We will begin setting up nfs server on a single server "nfs-server1"

$ cat /etc/redhat-release
CentOS Linux release 7.5.1804 (Core)

Install packages

Beginning with minimal CentOS installation we will need the fowllowing packages for NFS and cluster setup:

$ sudo yum update

$ sudo yum install nfs-utils

$ sudo yum groupinstall 'High Availability'

Create shared directory

We will create the /nfsdata directory that will live on root filesystem for some testing. On cluster setup later, this will be the mount point for the filesystem that will be mounted on active node.

$ sudo mkdir /nfsdata

$ sudo chmod -R 755 /nfsdata

$ sudo chown nfsnobody:nfsnobody /nfsdata

Manage firewall

These are the firewall exceptions for inter-cluster communication and NFS service  to work correctly. Note that we may need extra rules for fencing functionality later:

$ sudo firewall-cmd --permanent --zone=public --add-service=nfs
success
$ sudo firewall-cmd --permanent --zone=public --add-service=mountd
success
$ sudo firewall-cmd --permanent --zone=public --add-service=rpc-bind
success
$ sudo firewall-cmd --permanent --add-service=high-availability
success
$ sudo firewall-cmd --reload
success

Test nfs service on one server alone

On your nfs server start nfs service (do not enable it for start at boot, we will configure it at our cluster setup later):

$ sudo systemctl start nfs-server

Add the following line in /etc/exports file (192.168.16.14 is the IP of a client):

/nfsdata            192.168.16.14(rw,sync,no_root_squash,no_all_squash)

 

Restart nfs-server service:

$ sudo systemctl restart nfs-server

Now go to the client (in our case 192.168.16.14) and try to mount the remote nfs share:

$ sudo mount -t nfs nfs-server1:/nfsdata /mnt/nfsdata

After succesfull mount you can remove everything from /etc/exports file and stop nfs service:

$ sudo systemctl stop nfs-server

We try always to manage clustered resource configuration via cluster resource agents that are configured globally (as cluster configuration). If we need to configure something on any node separately, then we need a mechanism to replicate that configuration on every other node. This is making things more complex and beyond article's scope.

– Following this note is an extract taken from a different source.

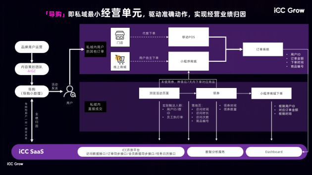 在此之上,iCC通过技术方式将导购运营形成闭环。通过数据链路里面非常精准的埋点方式,从用户订单转到线下,还是转到线上,还是在下单,从到店到人的埋点,还是追踪到审核、核销、报销等整个CRM链条上,iCC都有完整的技术支持,帮助企业做准确的运营动作、帮助实现业绩的成功。

Set password for the user hacluster

The user "hacluster" is created with "High Availability" packages installation and will be used for internal communication between nodes. Lets set a password for that user.

$ sudo passwd hacluster
Changing password for user hacluster.
New password:
Retype new password:
passwd: all authentication tokens updated successfully.

Cloning the node

Now it is a good time to clone nfs-server1 creating nfs-server2.

After cloning and before boot, we need to:

  • Attach a new disk on both nodes (common disk). This disk will host our data that will be nfs-shared over the network.
  • (optional) Attach a new network card on both nodes dedicated to inter-cluster communication (heartbeat).

Then we can boot nfs-server2, change it's hostname running:

$ sudo hostnamectl set-hostname nfs-server2

...and if you have static network setup, configure network interfaces.

Lets manage our shared disk now as long as we have only nfs-server2 up.

We will create an xfs filesystem over LVM:

# pvcreate /dev/vdb
  Physical volume "/dev/vdb" successfully created.

# vgcreate NFS_SHARED /dev/vdb
  Volume group "NFS_SHARED" successfully created.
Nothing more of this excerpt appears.